*** Opening of Data shown ***
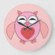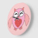 Este relógio maravilhoso apresenta um desenho fofo de uma coruja rosa com olhos sonolentos, um pequeno bico e pequenos pés fofos. A coruja tem um grande coração de amor vermelho no meio da barriga e asas bem abertas prontas para dar um grande abraço a alguém.
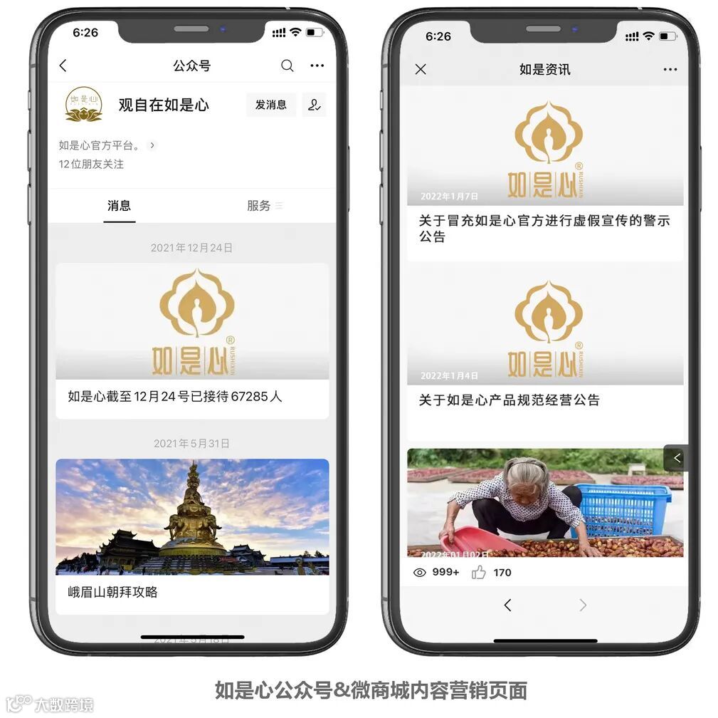 “如是心”通常指的是佛教修行中一种超然的境界,代表着三千大千世界的心量。如是心在品牌营销上和佛教修行结合比较密切,在九华山、五台山、峨眉山、普陀山等地都设有如是心接待酒店,免费接待到访朝拜的信徒,在线上线下累积了比较多的粉丝,粉丝的忠诚度非常高,在分销转介绍模式上有明显的优势(主要是微商体系玩法),因此在2020年10月份经由启博公司老客户介绍,合作了微分销系统,采用分销+代理+订货模式,上线7个月,累积粉丝超百万,营业额超5000万+。
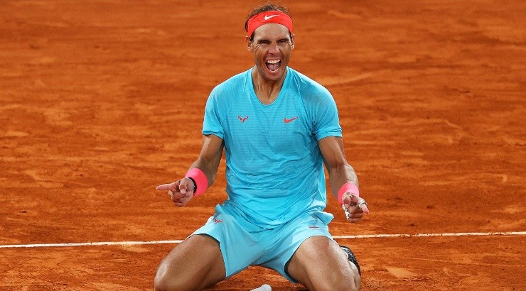 Rafael Nadal of Spain celebrates after winning the 2020 French Open. (Getty)
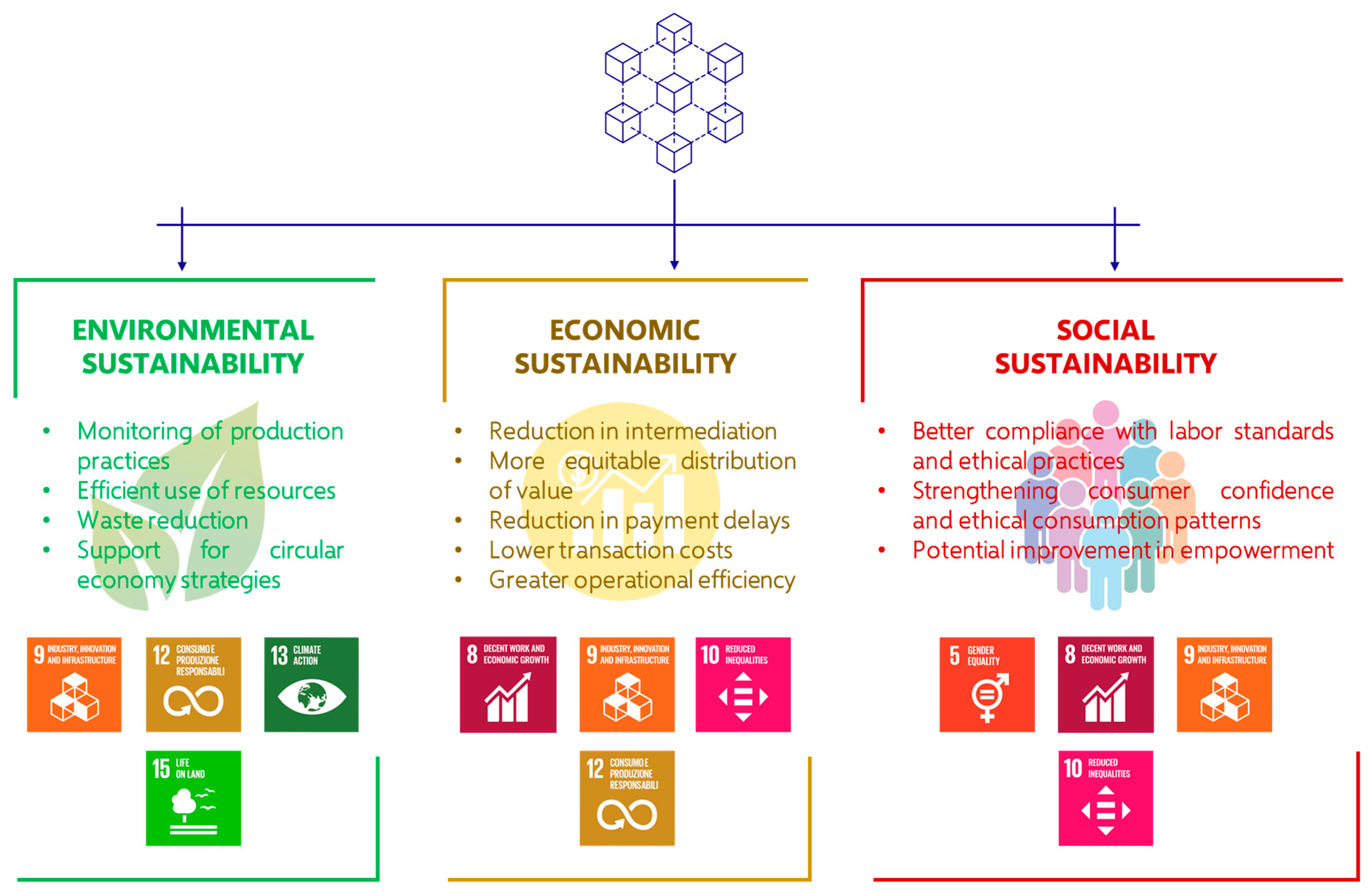 | Fraud prevention | Could reduce fraudulent practices through immutable transaction recording | [34] | May lower costs related to audits and losses from fraud | Could enhance transparency and fairness, strengthen social sustainability, and increase the value of certified products |
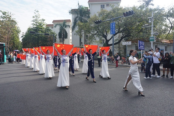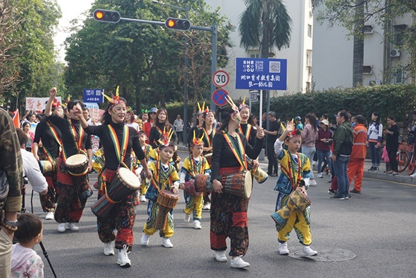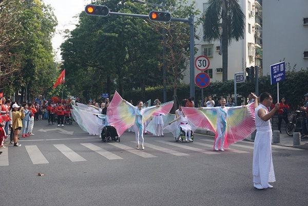 在简短的开场致辞和表演之后,便是社区大游行。包括蛇口地区学校、儿童艺术团体和残障团体在内的游行队伍,依次通过街道。
*** Close of Data shown ***
→ What you need to do
Beginning with the line containing "Rafael Nadal of" and ending with the last line of the data above, repeat each line exactly. Include no pictures and no other lines.

→ Result
 Rafael Nadal of Spain celebrates after winning the 2020 French Open. (Getty)
 | Fraud prevention | Could reduce fraudulent practices through immutable transaction recording | [34] | May lower costs related to audits and losses from fraud | Could enhance transparency and fairness, strengthen social sustainability, and increase the value of certified products |
 在简短的开场致辞和表演之后,便是社区大游行。包括蛇口地区学校、儿童艺术团体和残障团体在内的游行队伍,依次通过街道。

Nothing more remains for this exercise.